Strengthen your strategy. A strong business strategy, combined with alignment and discipline, can yield impressive results for small business owners. Small businesses have the advantage of being nimble. They can respond quicker to market conditions than larger businesses. This can be a blessing and a curse. If your organization is waffling every time the wind shifts, then it's time to rethink strategy. Ask yourself:

• Does our business plan make sense given today's market?

• What products and services can we add to make our profitable customers even more profitable for our business?

• When is the last time we communicated our strategy to those responsible for implementation?

Trim the fat. You may wonder how to trim the fat when you are running lean. Let's not kid ourselves. Small business owners have a difficult time separating business relationships from personal relationships. You may have an employee who has been with you since you started, and whose performance deteriorated over the years. You keep thinking things will get better. Alas, they never do. Or, you may have hired someone to do a particular job that no longer exists. The employee is performing great in their new role, but do you need the added expense of paying a PhD for a job requiring a high school diploma?

Be honest with yourself and ask: If I were to hire someone to fill this role today, would this be the person? If the answer is no, then you know how to cut back on excess fat in the organization.

Building human capital. A business is only as good as its people. How would you rate your people? When it comes to building human capital, there are two choices.
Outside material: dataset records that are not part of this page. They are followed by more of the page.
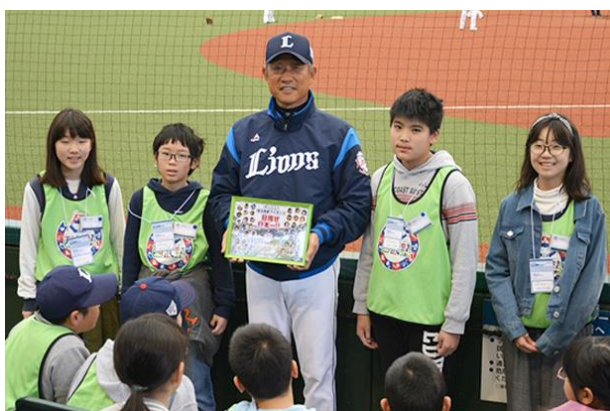
6月講座 メットライフドームでお仕事体験と施設見学 (写真は昨年度の様子です)

「西武塾」は、西武グループ各社の社員が、経営理念でもあり社員の行動指針でもあるグループビジョンに基づいて、アイデアを経営層に提言する施策「ほほえみFactory」から生まれたものです。今後も西武グループでは、グループスローガン「でかける人を、ほほえむ人へ。」のもと、お子さまの健やかな成長を応援してまいります。
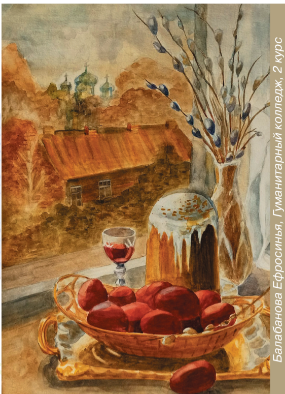
Балабанова Ефросинья, Гуманитарный колледж, 2 курс
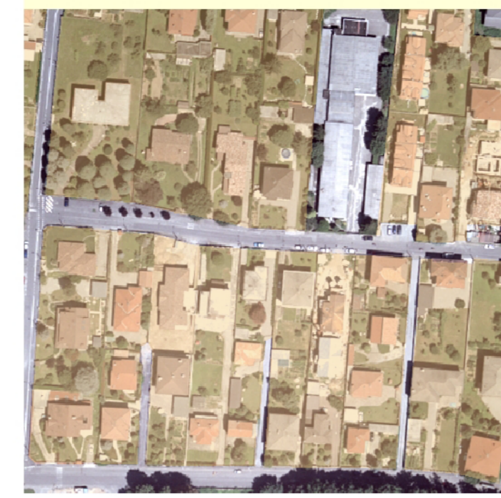
Fabbricazione isolata rada chiusa
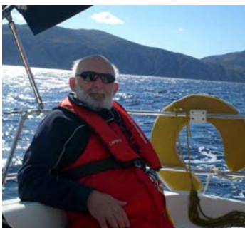
„Und irgendwann bleib i dann do, ...“ (STS)
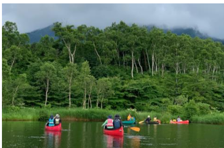
四万十塾のカヌー体験
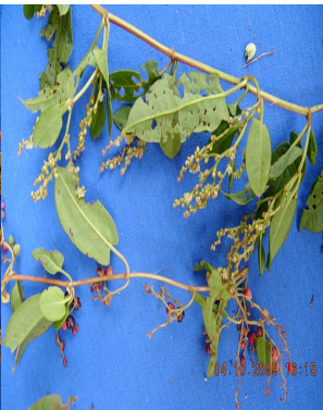
32 Muehlenbeckia tamnifolia POLYGONACEAE
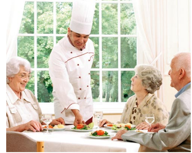
Unsere Küche stellt sich ganz auf individuelle Wünsche und gesundheitliche Ernährung ein
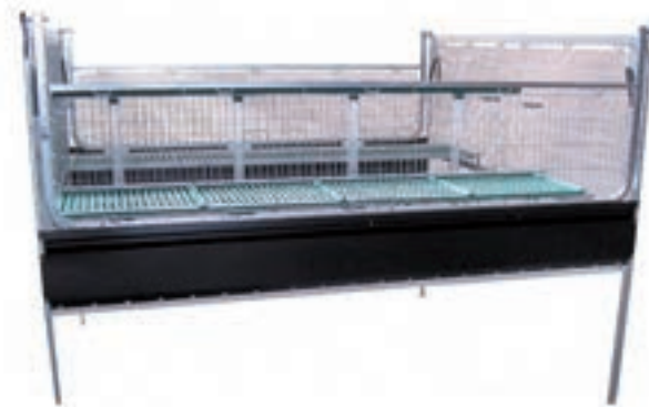
Foto 3. Sistema de suelo de slat elevado sobre fosa
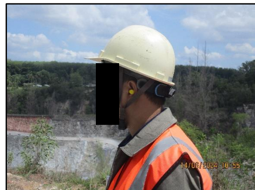
ภาพที่ 2.12 พนักงานสวมใส่อุปกรณ์ป้องกันอันตรายส่วนบุคคล
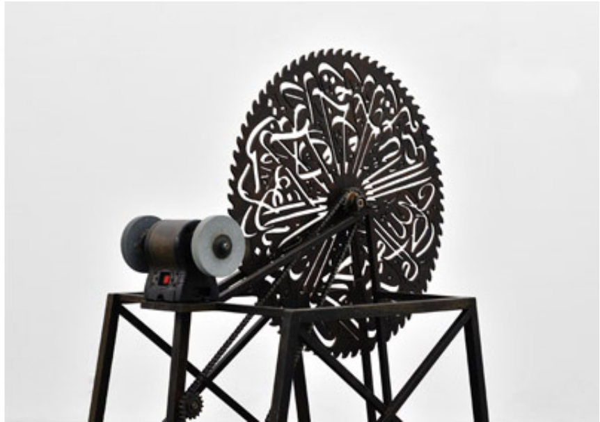
2013, Machine in steel, arabic calligraphy, engine, 75 x 100 x 116 cm. Exhibition view of They were blind, they only saw images, Yvon Lambert, 2014, Paris. Ed. of 5 + 1 A.P.

Le Paradoxe est une œuvre sculpturale de mounir fatmi composée d'une machine à remouler obsolète et d'une lame de scie circulaire sur laquelle sont découpées des versets coraniques en langue arabe classique. Louant l'unicité de Dieu dans l'Islam, ces versets dispersés à la surface de la lame s'opposent à la Trinité chrétienne où subsiste une dimension humaine, celle du fils. Des éclats de ce même verset calligraphié sont dispersés autour de la machine, comme échappés de la surface de la lame. Cet effet est accentué lors de la mise en branle de la machine par un performeur, qui tente d'affûter ces bribes de texte sacré et continuer à alimenter la machine. De ce geste, l'homme décharge le texte symbolisé par ces objets de toute valeur religieuse.

Dump what you've got, or work towards improving existing human capital. Dumping isn't a bad strategy given the abundant pool of talent waiting in the wings. Building what you've got and strengthening employee loyalty may be a better route, especially considering potential loss of institutional knowledge.

In years past, the strategy has been to cut out funding for employee development. It's no wonder that we have teams of people drowning under poor leadership. It's time to strengthen both the management team and those interacting with clients and customers. With your people, select one or two development opportunities and begin building bench strength. Support this learning with coaching and it won't be long before your people are teaching you a thing or two.

Alignment. World-class athletes know the importance of keeping their bodies in alignment so they can compete with the best. The same holds true for small businesses. A well-tuned strategy, along with the hiring of the right people in the right positions, can only take you so far.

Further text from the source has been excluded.